■ Dataset extract
= Beginning of Section =

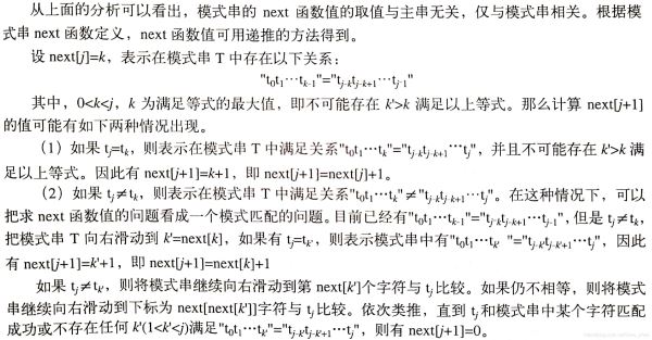 其实,求next数组的过程完全可以看成字符串匹配的过程,即以模式字符串为主字符串,以模式字符串的前缀为目标字符串,一旦字符串匹配成功,那么当前的next值就是匹配成功的字符串的长度。
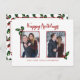Festive holiday design featuring cute custom calligraphy script red "happy holidays" greeting with bright green and red holly embellishments and two-photo template. Back features complementary holly pattern with blank label and suggested greeting.
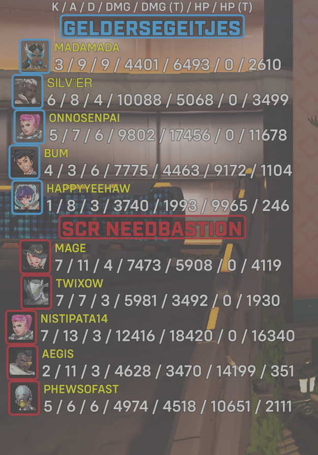 10 entries| Team | Player | Kills | Assists | Deaths | Damage | Damage (Taken) | Healing | Healing (Taken) |
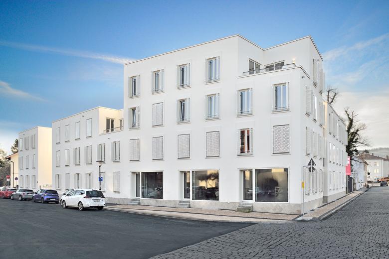 Die besondere Nutzung dieses Bereiches bildet sich in der Ansicht des Eckhauses ab, hier treten großformatigere bodentiefe Fenster in Erscheinung. Der neue KAROlinenhof stellt sich in klaren Konturen dar, deren Geradlinigkeit und symmetrische Figuration eine zeitgenössische Interpretation spätklassizistischer Elemente der umgebenden Architektur ist.

= End of Section =

■ Task goal
Starting at the line that contains "Festive holiday design", retype each line through the final one in the listing, with both ends kept and the pictures omitted.

■ Result of this exercise
Festive holiday design featuring cute custom calligraphy script red "happy holidays" greeting with bright green and red holly embellishments and two-photo template. Back features complementary holly pattern with blank label and suggested greeting.
 10 entries| Team | Player | Kills | Assists | Deaths | Damage | Damage (Taken) | Healing | Healing (Taken) |
 Die besondere Nutzung dieses Bereiches bildet sich in der Ansicht des Eckhauses ab, hier treten großformatigere bodentiefe Fenster in Erscheinung. Der neue KAROlinenhof stellt sich in klaren Konturen dar, deren Geradlinigkeit und symmetrische Figuration eine zeitgenössische Interpretation spätklassizistischer Elemente der umgebenden Architektur ist.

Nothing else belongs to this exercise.